Required action:
Would you return the data exactly as given, except for its pictures?

*** Working data ***

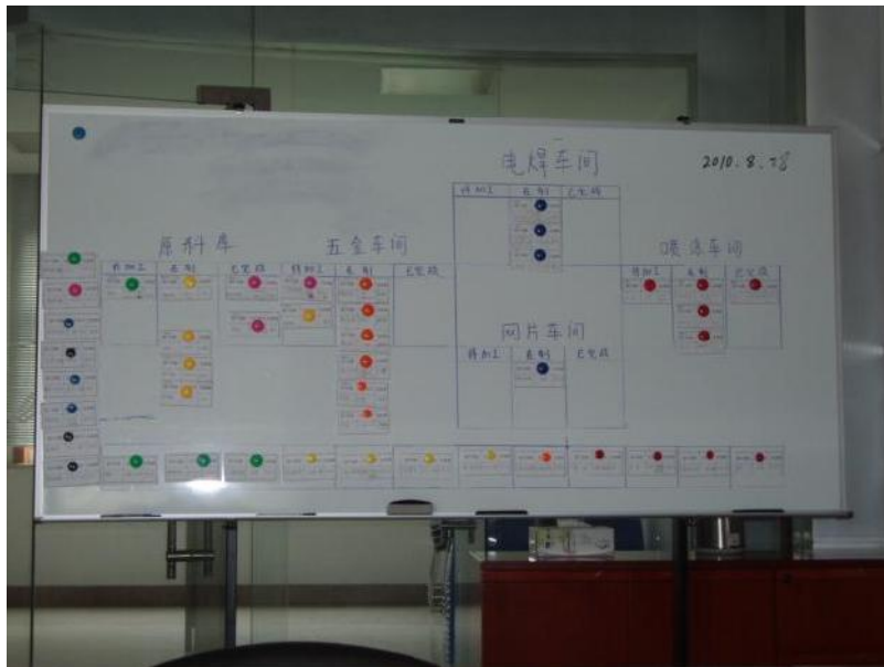
3、物料采购工具《拉动看板》
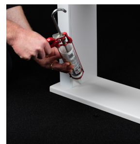
ClipOn InnerCore Flex lysning med flex gerigter monteres i vinduesnot kan evt. limes i.
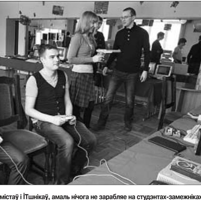
Нават БДУІР, які рытуе праграмістаў і ІТшнікаў, амаль нічога не зарабляе на студэнтах-замежніках...

Больш за ўсё ў Беларусі навуцацца студэнтаў з Кітая — 37% з агульнай колькасці студэнтаў-замежнікаў. З Туркменістана — 25%, з Расіі — 13,7%. Усяго толькі 3% студэнтаў-замежнікаў — жыхары Казахстана. Яшчэ менш навуцацца ў нашых ВНУ украінцаў, маладван і лійоўцаў. Толькі некалькі грамадзян Германіі, Іспаніі, Нарвегіі, Польшчы, Славеніі, Фінляндыі і Швецыі навуцаюцца ў Беларускім дзяржаўным універсітэце.
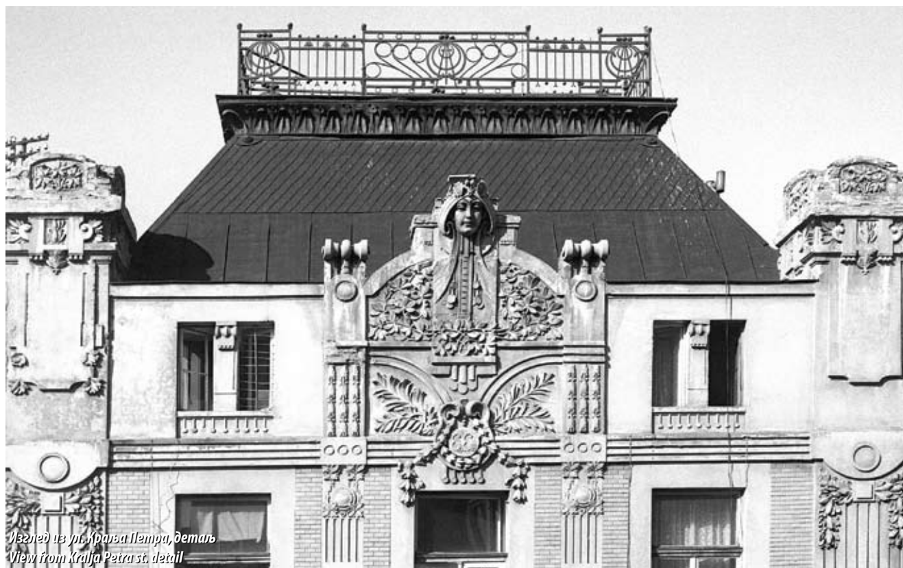
Изглед из ул. Краља Петра, детаљ View from Kralja Petra st. detail

*** End of Working data ***

Your response:
3、物料采购工具《拉动看板》
ClipOn InnerCore Flex lysning med flex gerigter monteres i vinduesnot kan evt. limes i.
Нават БДУІР, які рытуе праграмістаў і ІТшнікаў, амаль нічога не зарабляе на студэнтах-замежніках...

Больш за ўсё ў Беларусі навуцацца студэнтаў з Кітая — 37% з агульнай колькасці студэнтаў-замежнікаў. З Туркменістана — 25%, з Расіі — 13,7%. Усяго толькі 3% студэнтаў-замежнікаў — жыхары Казахстана. Яшчэ менш навуцацца ў нашых ВНУ украінцаў, маладван і лійоўцаў. Толькі некалькі грамадзян Германіі, Іспаніі, Нарвегіі, Польшчы, Славеніі, Фінляндыі і Швецыі навуцаюцца ў Беларускім дзяржаўным універсітэце.
Изглед из ул. Краља Петра, детаљ View from Kralja Petra st. detail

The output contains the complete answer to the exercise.